===== Information provided

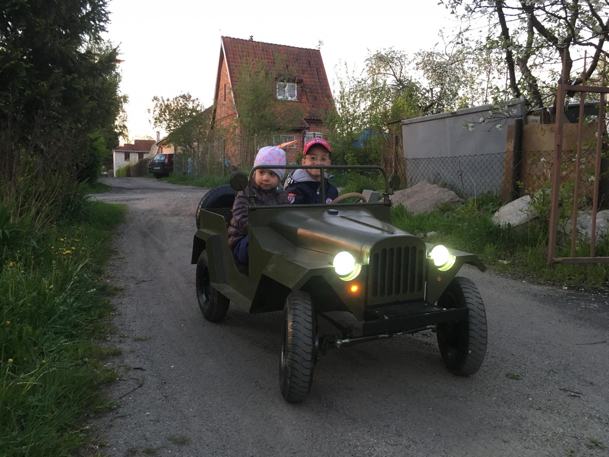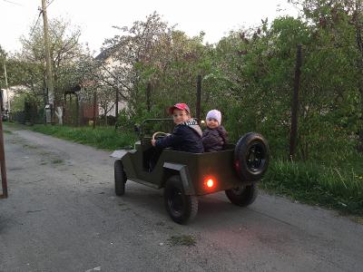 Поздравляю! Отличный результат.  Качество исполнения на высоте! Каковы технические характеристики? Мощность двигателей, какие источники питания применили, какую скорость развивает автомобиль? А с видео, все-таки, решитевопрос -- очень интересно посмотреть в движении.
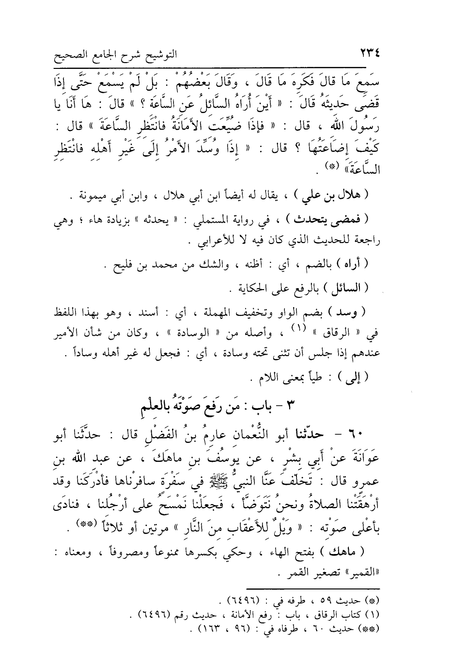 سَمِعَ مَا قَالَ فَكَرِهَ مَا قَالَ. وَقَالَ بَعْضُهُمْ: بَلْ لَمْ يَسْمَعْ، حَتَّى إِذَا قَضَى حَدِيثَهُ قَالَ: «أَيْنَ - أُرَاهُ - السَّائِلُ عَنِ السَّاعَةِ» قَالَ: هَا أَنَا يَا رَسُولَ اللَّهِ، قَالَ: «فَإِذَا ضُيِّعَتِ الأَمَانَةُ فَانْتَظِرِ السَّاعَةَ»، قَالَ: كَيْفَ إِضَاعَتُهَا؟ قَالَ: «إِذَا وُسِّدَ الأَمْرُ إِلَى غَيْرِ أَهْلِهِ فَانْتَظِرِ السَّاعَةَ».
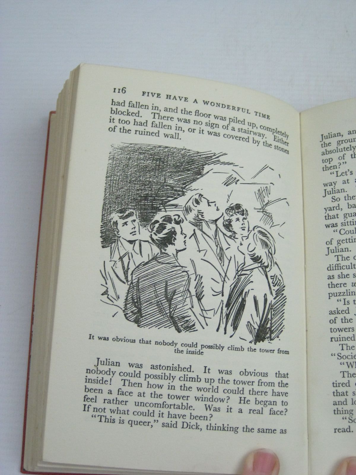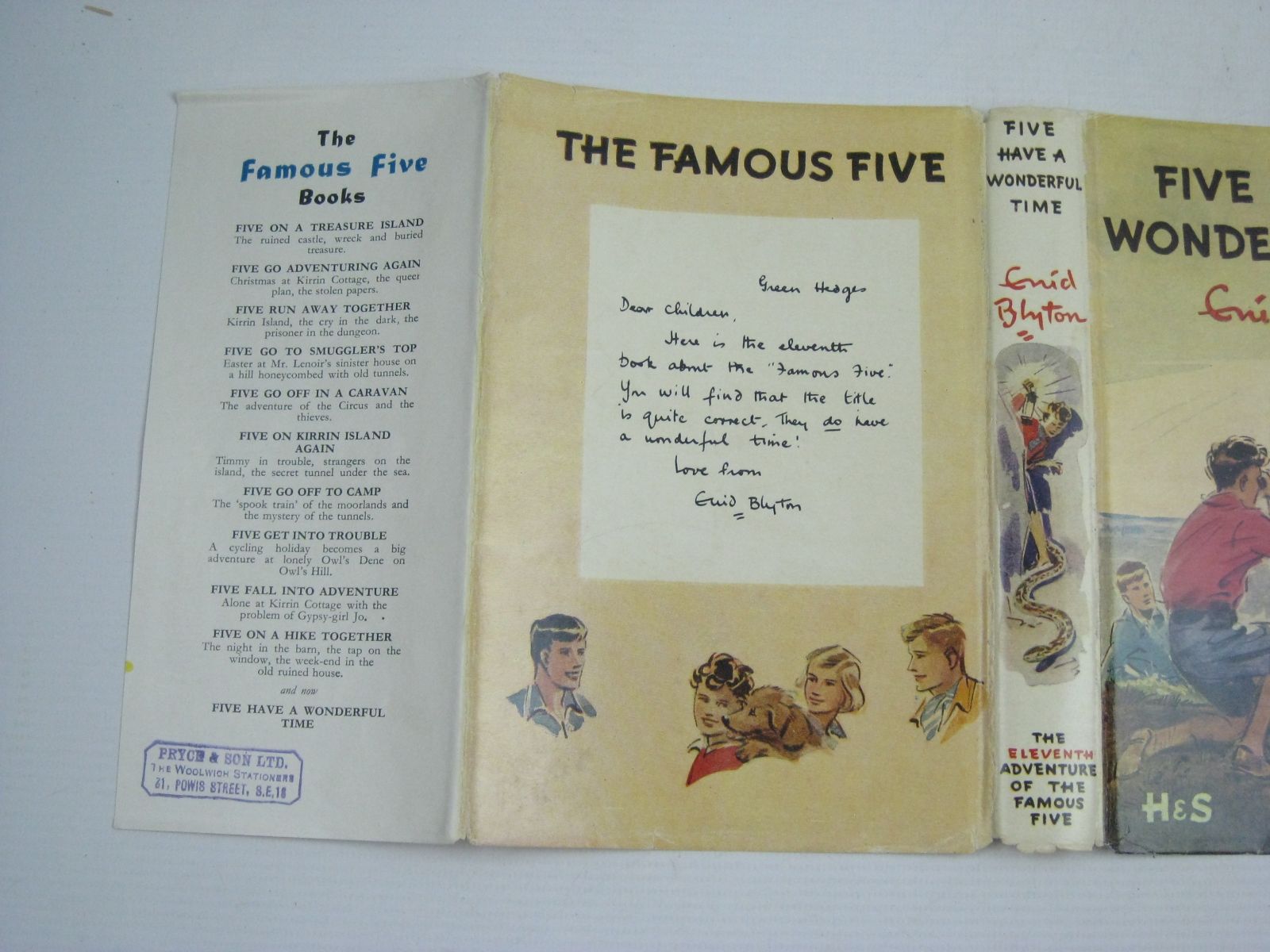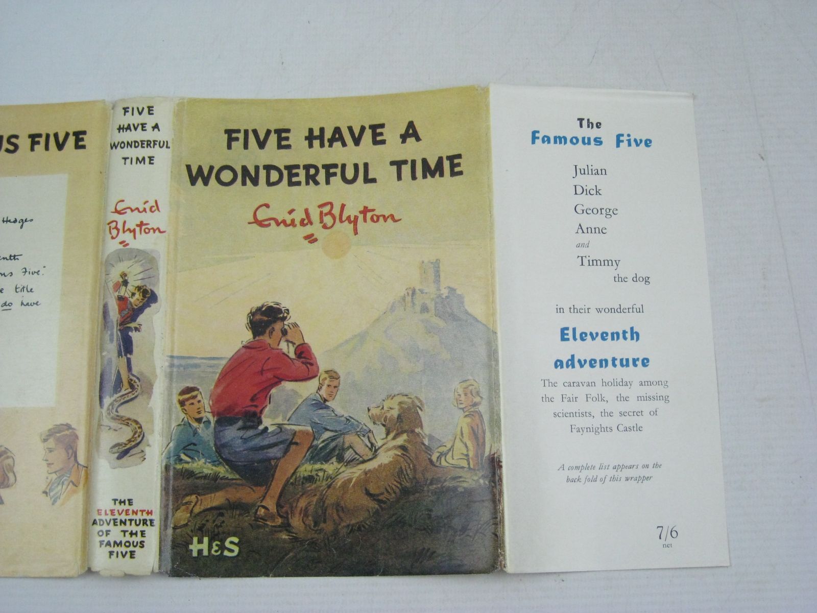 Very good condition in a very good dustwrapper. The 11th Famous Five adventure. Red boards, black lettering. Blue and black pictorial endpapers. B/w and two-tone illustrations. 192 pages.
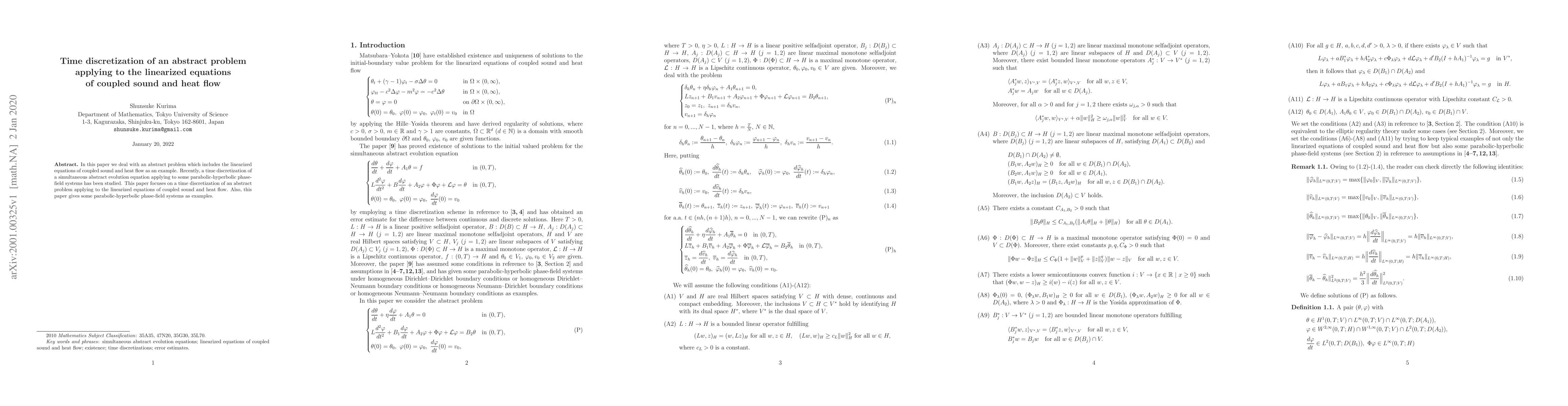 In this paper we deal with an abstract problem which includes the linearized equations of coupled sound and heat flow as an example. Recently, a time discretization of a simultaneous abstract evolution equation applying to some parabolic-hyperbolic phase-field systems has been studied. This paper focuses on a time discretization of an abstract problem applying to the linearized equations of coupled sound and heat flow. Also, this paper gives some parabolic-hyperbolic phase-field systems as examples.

==========

Activity =
Give back the material above exactly, without pictures.

Solution to this exercise =
 Поздравляю! Отличный результат.  Качество исполнения на высоте! Каковы технические характеристики? Мощность двигателей, какие источники питания применили, какую скорость развивает автомобиль? А с видео, все-таки, решитевопрос -- очень интересно посмотреть в движении.
 سَمِعَ مَا قَالَ فَكَرِهَ مَا قَالَ. وَقَالَ بَعْضُهُمْ: بَلْ لَمْ يَسْمَعْ، حَتَّى إِذَا قَضَى حَدِيثَهُ قَالَ: «أَيْنَ - أُرَاهُ - السَّائِلُ عَنِ السَّاعَةِ» قَالَ: هَا أَنَا يَا رَسُولَ اللَّهِ، قَالَ: «فَإِذَا ضُيِّعَتِ الأَمَانَةُ فَانْتَظِرِ السَّاعَةَ»، قَالَ: كَيْفَ إِضَاعَتُهَا؟ قَالَ: «إِذَا وُسِّدَ الأَمْرُ إِلَى غَيْرِ أَهْلِهِ فَانْتَظِرِ السَّاعَةَ».
 Very good condition in a very good dustwrapper. The 11th Famous Five adventure. Red boards, black lettering. Blue and black pictorial endpapers. B/w and two-tone illustrations. 192 pages.
 In this paper we deal with an abstract problem which includes the linearized equations of coupled sound and heat flow as an example. Recently, a time discretization of a simultaneous abstract evolution equation applying to some parabolic-hyperbolic phase-field systems has been studied. This paper focuses on a time discretization of an abstract problem applying to the linearized equations of coupled sound and heat flow. Also, this paper gives some parabolic-hyperbolic phase-field systems as examples.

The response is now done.